Problem to work on -
Every record below should be repeated word for word, with the pictures left out.

Extracted data entries
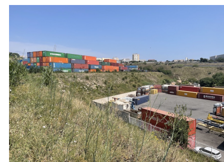
Talus avec couvert herbacé plantes annuelles (fenouil).
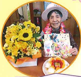
お誕生会♡ みんなでお祝いしましょう！
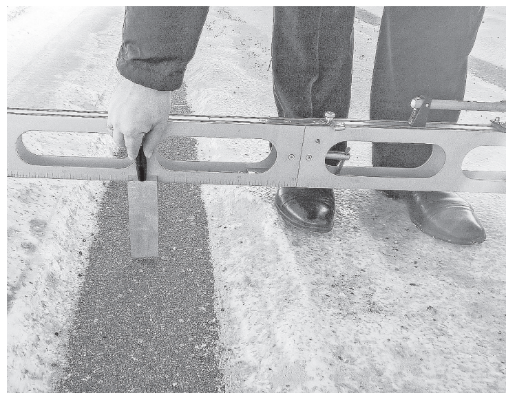
Замер колеи.

Чистят по разовым договорам на 99 000 рублей в месяц, в соответствии с 44 ФЗ. На машинах установлена система ГЛОНАСС, документы подписываются при подтверждении средствами объективного контроля. Система управления техникой отстроена в режиме онлайн (реального времени). Диспетчер постоянно мониторит работу тракторов и содействует ее оптимизации. Работа у предпринимателя отлажена так, что с одного компьютера можно управлять очисткой всего города. Все системы видеонаблю-
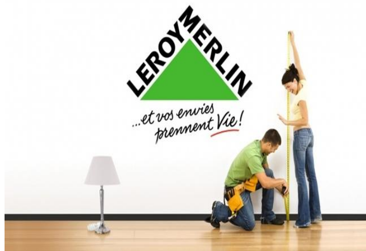
1960 год – Au Stok American переименован в Leroy Merlin

Answer section -
Talus avec couvert herbacé plantes annuelles (fenouil).
お誕生会♡ みんなでお祝いしましょう！
Замер колеи.

Чистят по разовым договорам на 99 000 рублей в месяц, в соответствии с 44 ФЗ. На машинах установлена система ГЛОНАСС, документы подписываются при подтверждении средствами объективного контроля. Система управления техникой отстроена в режиме онлайн (реального времени). Диспетчер постоянно мониторит работу тракторов и содействует ее оптимизации. Работа у предпринимателя отлажена так, что с одного компьютера можно управлять очисткой всего города. Все системы видеонаблю-
1960 год – Au Stok American переименован в Leroy Merlin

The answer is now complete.